# Setting up shop / Working in Portugal



## marc_dekens (Feb 15, 2010)

In my previous thread (The Money Fix/Working In Portugal) I mentioned that I was going to Pombal, to the first Transition gathering in Portugal. In my point of view it was very successful. There were some 150 people, all very interested in Transition Town initiatives (Welcome | Transition Network). 

I met a guy who (with his wife) set up a shop, essentially a second-hand or recycle shop. The clever twist they made, was that the articles that were in the shop, were the property of people in the neighbourhood who wanted to sell them. These articles would be bought by people in the neighbourhood who needed something, but didn't want to buy new, for all sorts of reasons. There was the obvious bunch of almost new children's clothes, but there were also a lot of interesting items. Like hard-to-get documentaries on DVD, almost new books, different kinds of tools and a set of rock climbing gear.
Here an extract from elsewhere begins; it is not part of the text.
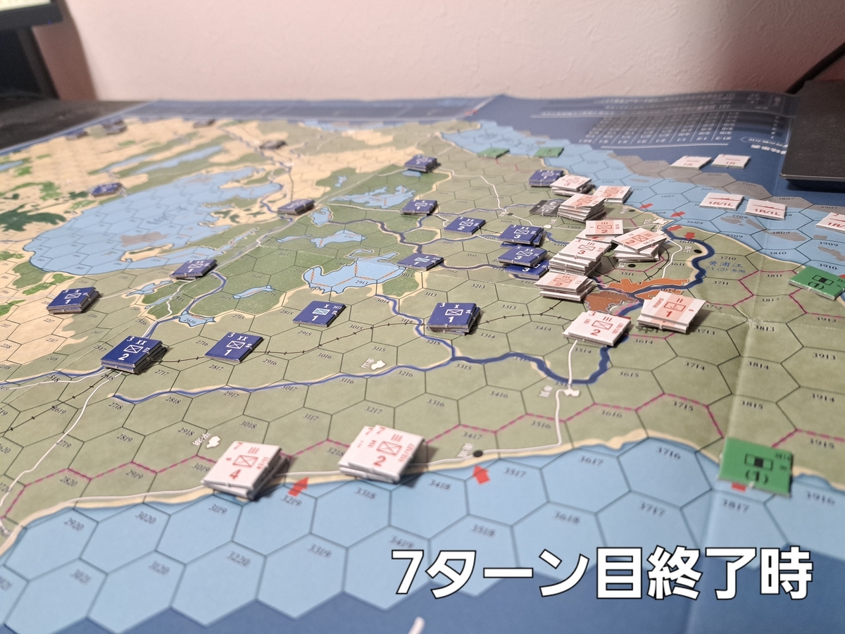 3ターン目は大量の増援が進出してくるはずだったが、日本軍の航空阻止で3ユニット6戦力が壊滅させられた。

The only thing he and his wife provided was “the window” that the neighbours could use to display their superfluous stuff that they did not want any-more. The sellers would make their price, the shop would count the commission and that would make the selling price. When the articles are not sold in a certain period of time, they will return to their previous owners.

This couple is looking for people who are interested in this concept. If you have a location that can be converted into a shop, when you know a location where this could be started or when you have a lot of friends already exchanging stuff, this could be the start of your own source of income, in your own neighbourhood.

When you subscribe to the ideas of the Transition Towns initiatives, I can bring you in contact with the couple. Of course I hope that you want to be part of a TT initiative in your own hometown in Portugal. 

Why I'm not setting up a shop like this? I might, but I am not so much into shopping. I am more into local currencies (see the The Money Fix/Working In Portugal thread). Besides that, I like the rural areas, planting and growing organic veggies and fruits. Perhaps I can bring you some in the future, to put in your neigbourhood window?

An introduction into Transition ideas you can find here: Transition Primer | Transition Network and more here: Who We Are and What We Do | Transition Network .

When you have read the above booklets you might be interested in the Transition Handbook written by Rob Hopkins The Transition Handbook Transition Culture . 

Ciao, Marc


----------